Bug 1546179

Summary: nettop.stp fails with read fault on rhel-alt-7.5/s390x
Product: Red Hat Enterprise Linux 7 Reporter: Martin Cermak <mcermak>
Component: systemtapAssignee: Frank Ch. Eigler <fche>
Status: CLOSED ERRATA QA Contact: Martin Cermak <mcermak>
Severity: medium Docs Contact: Vladimír Slávik <vslavik>
Priority: medium    
Version: 7.5-AltCC: bgollahe, chorn, cww, dsmith, fche, fj-lsoft-kernel-it, fj-lsoft-rh-dump, jistone, lberk, lherbolt, mbenitez, mcermak, mjw, pasik, vslavik
Target Milestone: rc   
Target Release: ---   
Hardware: s390x   
OS: Linux   
Whiteboard:
Fixed In Version: systemtap-3.3-1.el7 Doc Type: No Doc Update
Doc Text:
undefined
Story Points: ---
Clone Of: 1506230 Environment:
Last Closed: 2018-10-30 10:46:00 UTC Type: Bug
Regression: --- Mount Type: ---
Documentation: --- CRM:
Verified Versions: Category: ---
oVirt Team: --- RHEL 7.3 requirements from Atomic Host:
Cloudforms Team: --- Target Upstream Version:
Embargoed:
Bug Depends On:    
Bug Blocks: 1477664, 1505884, 1609081    

Description Martin Cermak 2018-02-16 14:26:04 UTC
+++ This bug was initially created as a clone of Bug #1506230 +++

=======
# stap nettop.stp  -c 'wget -q https://ftp.spline.de/pub/OpenBSD/ftplist'
ERROR: read fault [man error::fault] at 0x76af7f20 near identifier '$skb' at /usr/share/systemtap/tapset/linux/networking.stp:84:27
  PID   UID DEV     XMIT_PK RECV_PK XMIT_KB RECV_KB COMMAND        
19715     0 enccw0.0.8000       2       0       0       0 wget           

WARNING: Number of errors: 1, skipped probes: 0
WARNING: /usr/bin/staprun exited with status: 1
Pass 5: run failed.  [man error::pass5]
#
=======

Note that -P doesn't help.  SSH, or ICMP isn't sufficient to reproduce, but https or ftp traffic seems to kill.

Comment 2 David Smith 2018-02-27 21:20:01 UTC
OK, I think I know what is going on here.
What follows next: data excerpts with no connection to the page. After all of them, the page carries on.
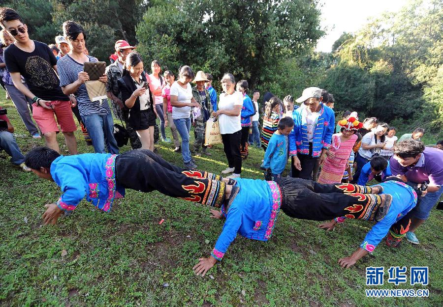 7月24日,云南省楚雄彝族自治州双柏县李方村的彝族群众在山上进行“蚂蚁爬坡”民俗活动。新华社记者 杨宗友 摄
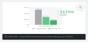 Pour exécuter ELK, vous devez aussi acheter l’infrastructure. Le coût total pour les logs reflète donc les frais d’infrastructure et de matériel7.
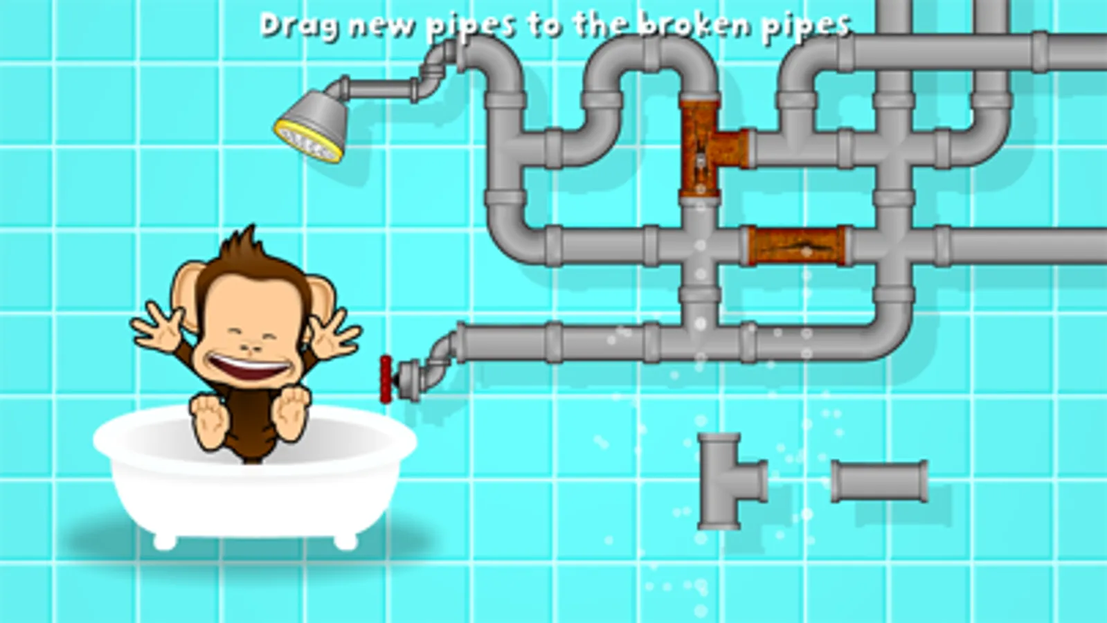 * Rub-A-Dub-Flub. Monkey needs a bath, but the pipes are broken! Match the puzzle pieces to fix the pipes.
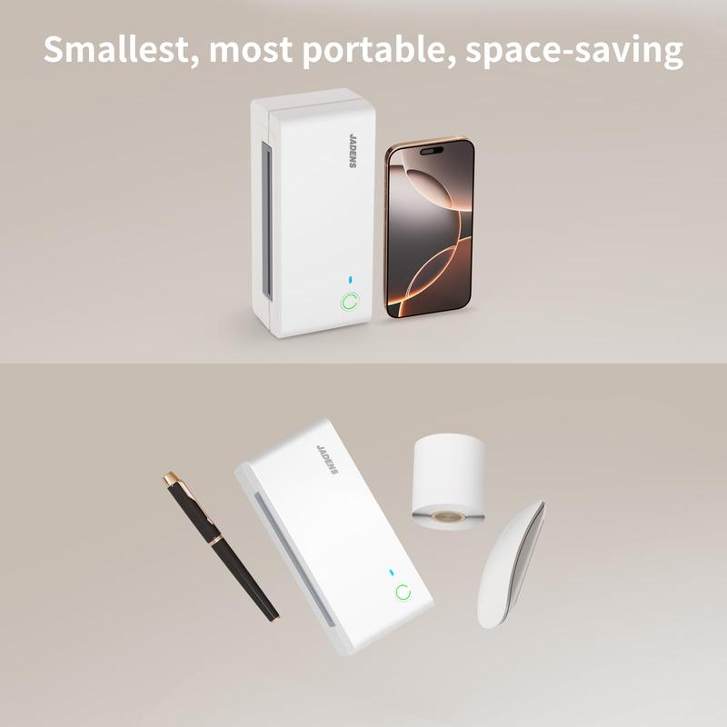This label printer supports Bluetooth printing through the “jadens” app on iOS and Android devices, and USB connection for computers. It is compatible with Windows, macOS, ChromeOS, and Linux, allowing users to print labels from smartphones, tablets, laptops, or desktop systems.

The following kernel commit changed the sk_buff structure:

====
commit bffa72cf7f9df842f0016ba03586039296b4caaf
Author: Eric Dumazet <edumazet>
Date:   Tue Sep 19 05:14:24 2017 -0700

    net: sk_buff rbnode reorg
    
    skb->rbnode shares space with skb->next, skb->prev and skb->tstamp
====

The sk_buff structure now looks like this:

====
struct sk_buff {
	union {
		struct {
			/* These two members must be first. */
			struct sk_buff		*next;
			struct sk_buff		*prev;

			union {
				struct net_device	*dev;
				/* Some protocols might use this space to store information,
				 * while device pointer would be NULL.
				 * UDP receive path is one user.
				 */
				unsigned long		dev_scratch;
			};
		};
		struct rb_node	rbnode; /* used in netem & tcp stack */
	};
        ... stuff deleted ...
};
====

The systemtap read fault error is coming from the following tapset line:

	dev_name = kernel_string($skb->dev->name)

(Of course, I'll remind readers that a "read fault" error is really a good thing - that's systemtap realizing that this address isn't valid and giving an error instead of trying to read a bad address and potentially crashing the kernel.)

In this case, the problem I see in finding a solution is that I don't see a way of knowing which of the two different unions have valid values in them:

1) In this particular skb, is skb->rbnode valid or is the unnamed structure containing next/prev valid?

2) Assuming this particular skb's unnamed structure containing next/prev is valid, is dev or dev_scratch valid?

The s390x is probably seeing the read fault error more than other platforms because it has always been more "sensitive" to bad addresses.

The quickest solution would just be to surround that tapset code with 'try { ... } catch { ... }' and returning the dev_name field as something like "UNKNOWN", but that doesn't really follow the spirit of the following bug where we tried to eradicate strings like that:

<https://sourceware.org/bugzilla/show_bug.cgi?id=15044>

Comment 3 David Smith 2018-03-02 20:06:41 UTC
Fixed upstream in commit 2f6fcfc68. Accesses to sk_buff structures are now surrounded by try/catch in probes.

Comment 11 errata-xmlrpc 2018-10-30 10:46:00 UTC
Since the problem described in this bug report should be
resolved in a recent advisory, it has been closed with a
resolution of ERRATA.

For information on the advisory, and where to find the updated
files, follow the link below.

If the solution does not work for you, open a new bug report.

https://access.redhat.com/errata/RHEA-2018:3168